Advancing Top-down Analysis of the Human Proteome Using a Benchtop Quadrupole-Orbitrap Mass Spectrometer - PubMed (original) (raw)
Advancing Top-down Analysis of the Human Proteome Using a Benchtop Quadrupole-Orbitrap Mass Spectrometer
Luca Fornelli et al. J Proteome Res. 2017.
Abstract
Over the past decade, developments in high resolution mass spectrometry have enabled the high throughput analysis of intact proteins from complex proteomes, leading to the identification of thousands of proteoforms. Several previous reports on top-down proteomics (TDP) relied on hybrid ion trap-Fourier transform mass spectrometers combined with data-dependent acquisition strategies. To further reduce TDP to practice, we use a quadrupole-Orbitrap instrument coupled with software for proteoform-dependent data acquisition to identify and characterize nearly 2000 proteoforms at a 1% false discovery rate from human fibroblasts. By combining a 3 m/z isolation window with short transients to improve specificity and signal-to-noise for proteoforms >30 kDa, we demonstrate improving proteome coverage by capturing 439 proteoforms in the 30-60 kDa range. Three different data acquisition strategies were compared and resulted in the identification of many proteoforms not observed in replicate data-dependent experiments. Notably, the data set is reported with updated metrics and tools including a new viewer and assignment of permanent proteoform record identifiers for inclusion of highly characterized proteoforms (i.e., those with C-scores >40) in a repository curated by the Consortium for Top-Down Proteomics.
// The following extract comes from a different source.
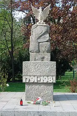 Nach dem Zweiten Weltkrieg wurde das Denkmal in den Hintergrund des Platzes versetzt und verschwand unter Büschen. Im Jahr 1981 wurde es restauriert und an den ursprünglichen Aufstellungsort zurückversetzt. Im Zuge der Restaurierung bekam es einen Sockel mit der Inschrift 1791–1981. Das Denkmal wird von einem steinernen Adler gekrönt der von Witold Marcewicz geschaffen wurde.

Keywords: AUTOPILOT; Orbitrap; data-dependent acquisition; false-discovery rate; gas-phase fractionation; mass spectrometry; medium/high; proteoform; quadrupole; top-down proteomics.
Conflict of interest statement
Notes
The authors declare the following competing financial interest(s): The authors declare a conflict and several are involved in software commercialization. Thermo Fisher Scientific is an Industrial Collaborator of the NRTDP.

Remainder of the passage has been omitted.